Удивительно, но он даже от внука скрывал свои грибные места. Что это, жадность или желание поразить других, вот, мол, вы ходите и не приносите, а я таскаю по целой корзине? Бывало, что он набрасывался на внука и ругал его грубо и зло только за то, что тот рвал стручки гороха. Хотя сладкий горошек и был специально посажен для внука. Он всегда был вне доброго настроения, но особенно свирепел, как только видел, что с его огорода рвут лук или выдергивают морковь.
— Но ведь для этого и сажали, — говорила ему жена, — или ты собирался и это продать на пропой?
— Продашь у вас!
— Тогда чего же?
— Того же! — И глядел на нее с такой ненавистью, что она плевалась.
— Да подавитесь вы своей морковью! — как-то швырнула ему под ноги три морковины младшая невестка, когда он обрушился на нее. И вместе с тем мог набрать пучок моркови или нарвать того же гороха и щедро вывалить на стол. И не ждал благодарности.
— Нате, ешьте!
На рыбалке высиживал по двенадцать часов в лодке, если и не клевало. Случалось, приносил ведро окуней и плотвы. Отбирал на уху самых мелких. Крупных солил для вяления и уж вяленой никому не давал. Набрасывался зверем, если кто посмеет сорвать рыбину с веревки.
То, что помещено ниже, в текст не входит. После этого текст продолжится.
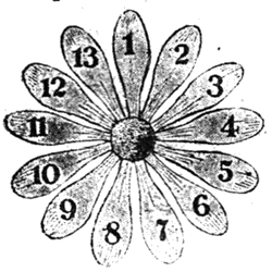 Обозначим лепестки номерами, как показано на рисунке. Предположим, что ваш противник отрывает № 1, вы отрываете № 7 и № 8, лежащие против № 1 и делящие цветок на две одинаковых части (между 1 и 7 – остается 5 лепестков, и столько же между 8 и 1). Если он отрывает № 1 и № 2, вы отрываете опять таки противоположный им № 8, и тем так же делите цветок на две одинаковых части. После этого вы повторяете «игру» противника, но в противоположной половине: если он, напр., срывает слева один лепесток, вы срываете один справа, если он срывает справа два лепестка, вы делаете то же в левой части. В результате – сорвать последний лепесток – выпадает на долю вашего противника.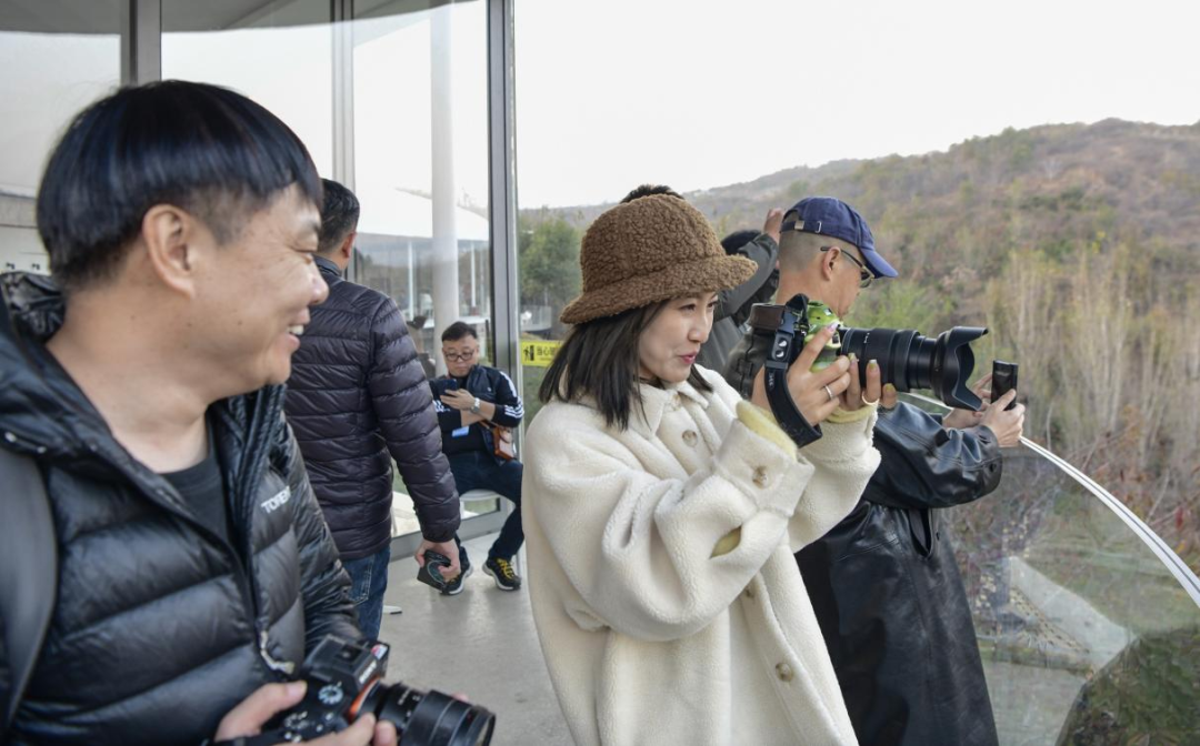 初冬的九女峰在靜謐中平添了一分清麗,朦朧薄霧間云月相伴的勝景令人流連忘返。伴隨著講解員的介紹,網(wǎng)絡(luò)名人們沿著山路拾級而上,不時駐足停留,掏出手機拍照打卡,記錄九女峰的醉人美景。

Он никогда не покупал крючков, как не покупал и жилку. Брал у сына, чаще у меня. И не дай бог сказать, что это моя катушка или мои крючки.
— Твои? Да я еще прошлой зимой купил их в Москве, когда ездил к брату, — и начинал травить про брата, что тот на пенсии, живет один, что у него хозяйство, держит корову и уговаривал его жить с ним. — Да я, вишь, разгадал его, хотел, чтоб я был в работниках. Да не на того напал!..
И еще многое другое нес, и все дальше отодвигался разговор о крючках, и даже получалось так, что они только и могли быть его и никого другого. Но я знал, что крючки мои — белые, тонкие. Мне их подарил один знакомый, побывавший в Швеции. Но Коршунов об этом и слышать не хотел, только еще больше заворачивал свой кривой, как сабля, нос и выпускал фразу за фразой из своего совершенно беззубого рта.